— Ах, как это замечательно, что такой красивый молодой человек у нас дома! Как ты любезен! Пенни, в каком-то смысле, ты должна ответить ему взаимностью.
Без видимой причины Пенни покраснела, в мыслях она вернулась к сцене, увиденной на задворках «Maraja». Он, как будто бы прочитал её мысли, повернулся, демонстрируя самодовольную ухмылку.
— Чини окно и уходи, — огрызнулась Пенни, провожая его в свою комнату.
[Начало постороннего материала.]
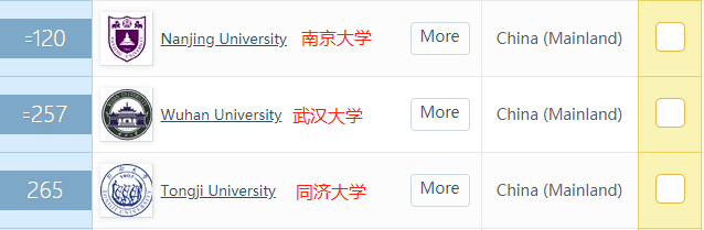 对比中国大学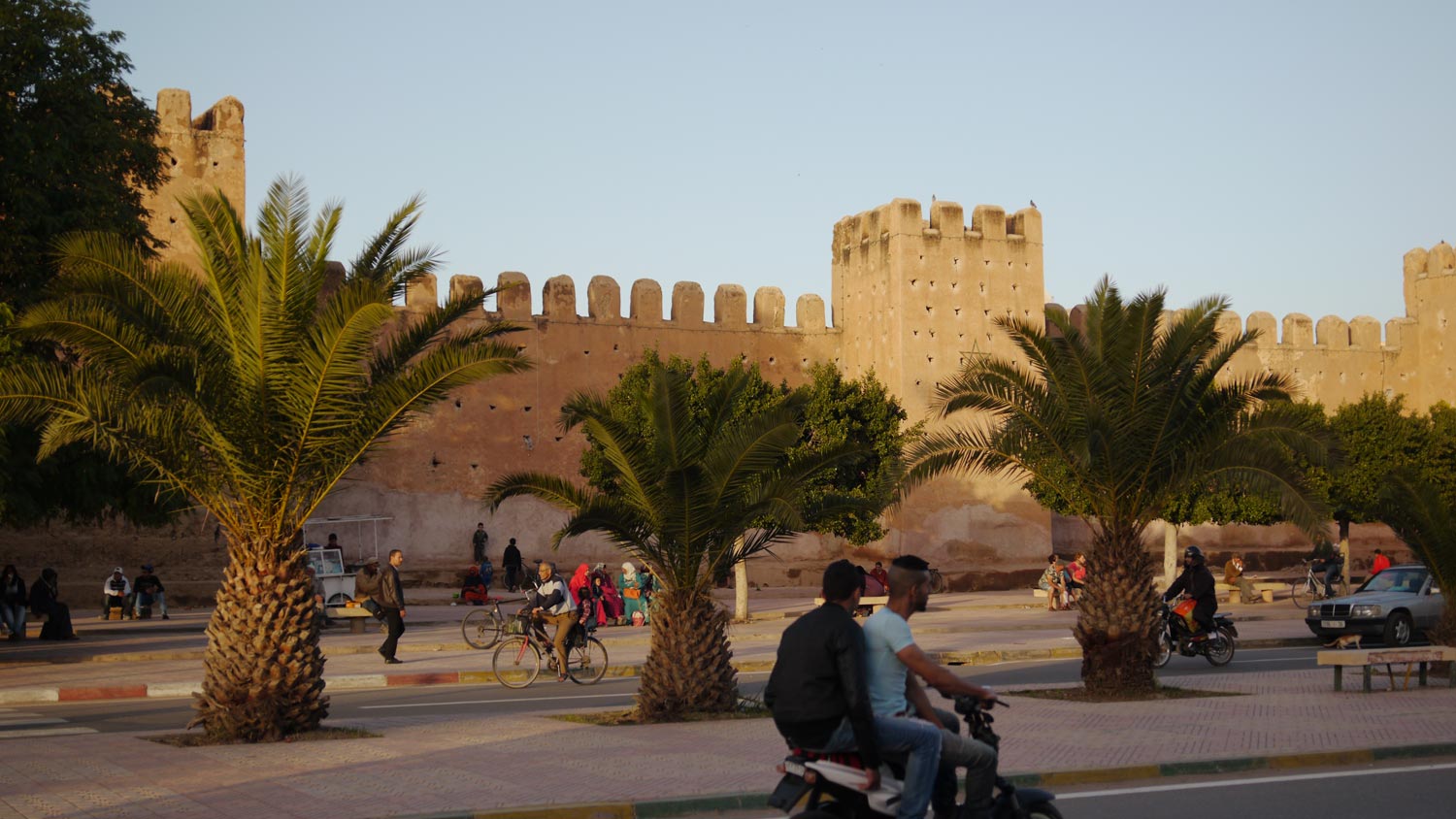 In Taroudannt ist es nochmal wärmer als überall wo wir bisher waren. Also in Zagora war es auch heiß, aber nur in der Sonne, die Luft selbst war frisch, was man daran merkte, dass man im Schatten sofort fröstelte. Hier plötzlich richtiger Sommer, warme Luft zum Reinkuscheln, die Nähe des Meeres. Auf dem Weg in die Stadt machen wir Halt an einem Spielplatz, wir scherzen: Der größte von ganz Nordafrika. Als wir draufstehen, merken wir: Es gibt zwar jede Menge Spielgeräte, aber es sind immer die selben: Mini-Rutschen, Schaukeln, und Wipp-Tiere. Gut für uns, Toni und Peppi sind, trotz wochenlanger Spielplatz-Abstinenz, bald mit allem fertig und wir können weiter. Alle sind hungrig.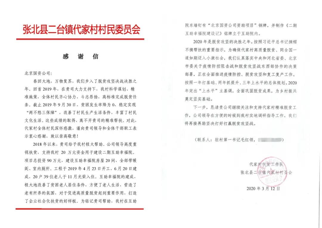 近日,北京國資公司收到一封來自河北省張家口市張北縣二臺鎮(zhèn)代家村扶貧工作隊及村委會發(fā)來的感謝信。這封信簡單而質(zhì)樸,字里行間表達(dá)了對北京國資公司的由衷感謝。
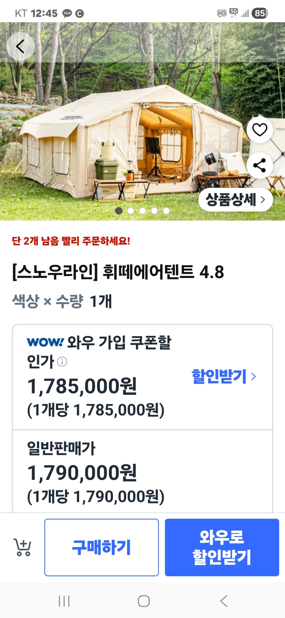 스노우라인 휘떼4.8 에어텐트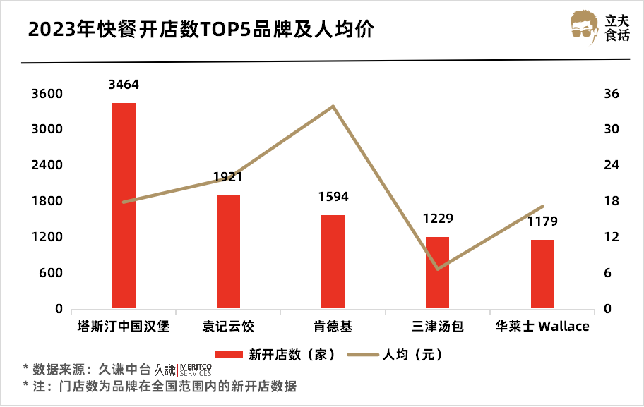 2023年快餐開店數(shù)TOP5品牌及人均價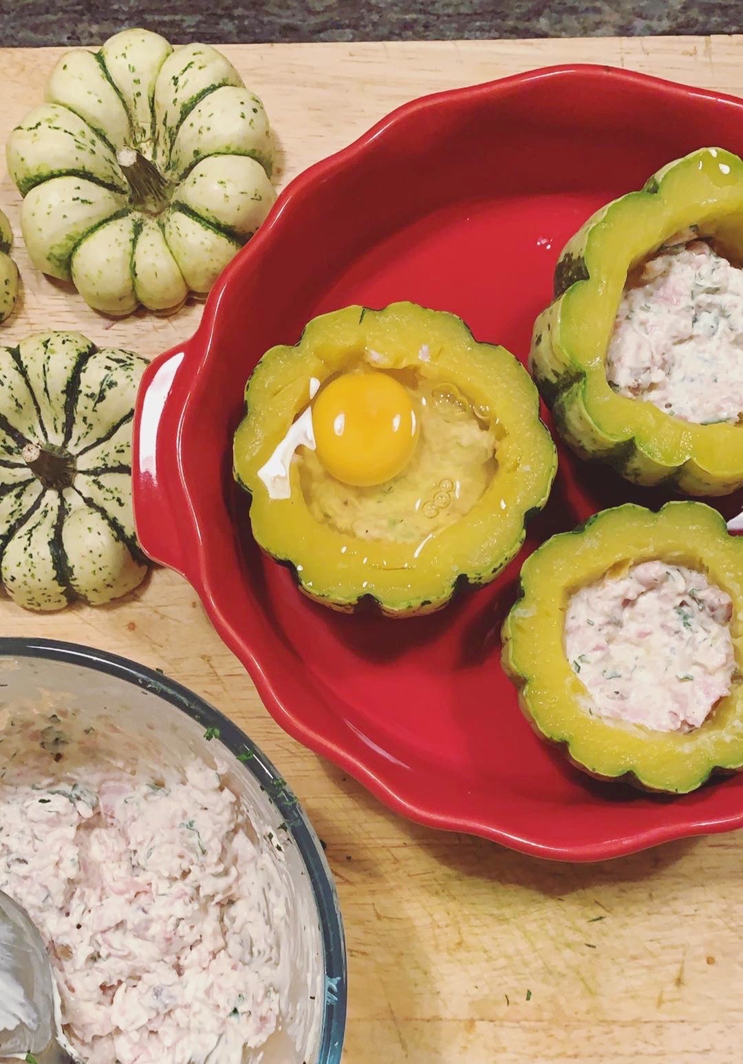 - Dans un bol mélanger le jambon, l’échalotte, le persil, la crème. Saler, poivrer. Répartir cette garniture dans le fond de chaque patidou égoutté. Casser un oeuf (attention ça déborde)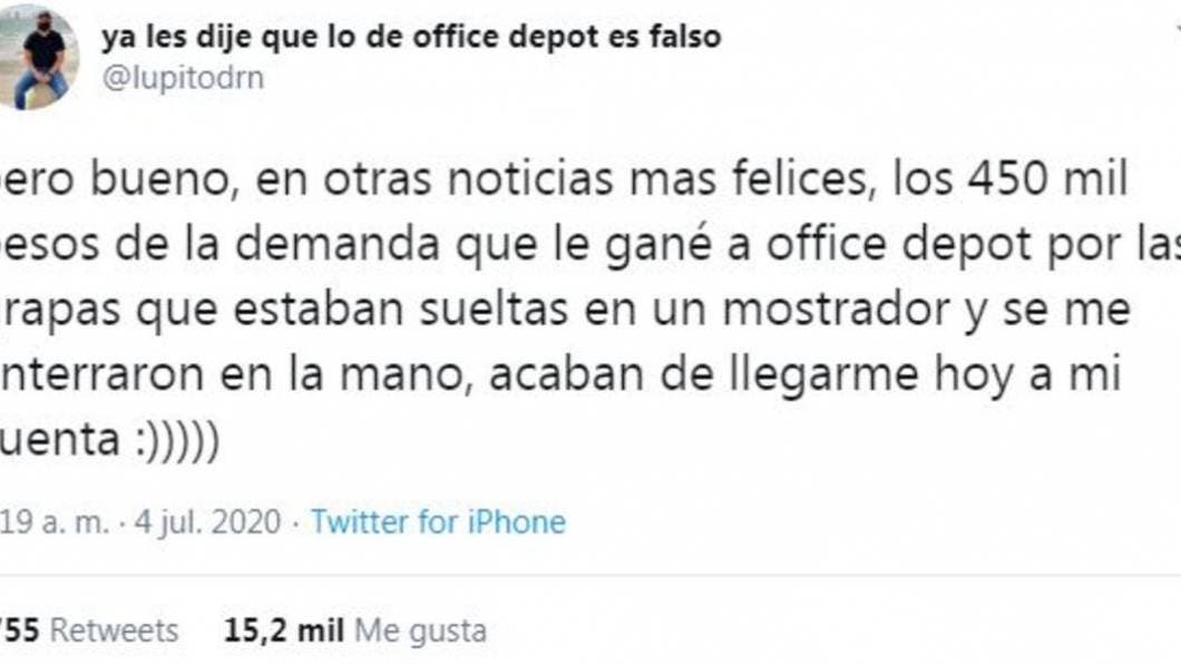 Pues resulta que el joven escribió que le había ganado 450 mil pesos en una demanda a una gran empresa de papelería, mejor conocida cómo Office Depot, ¿Qué pasó después? Bueno que todos, incluyendo a la misma empresa, le creyeron.

Пенни наблюдала с порога комнаты за движениями Маркуса, пока он ремонтировал оконную раму. Он был одет в футболку с длинными, греховно узкими рукавами, которые подчеркивали литые мышцы его плеч и рук, покрытых татуировками. Пенни уставилась в пол и кусала губы ненавидя себя за то, что не могла оторвать глаз от тела Маркуса: искушение стоять и пялиться был настолько сильным, что она почувствовала себя загипнотизированной.
В какой-то момент Маркус остановился, достал что-то из заднего кармана джинсов и протянул ей.
— Это письмо для Франчески. Напиши адрес, имя отправителя и отправь.
— «Будь добра» не помешало бы.
— Я уже делаю тебе добро – чиню твоё окно.
— Но его сломал ты! И вообще, твои услуги щедро оплачиваются.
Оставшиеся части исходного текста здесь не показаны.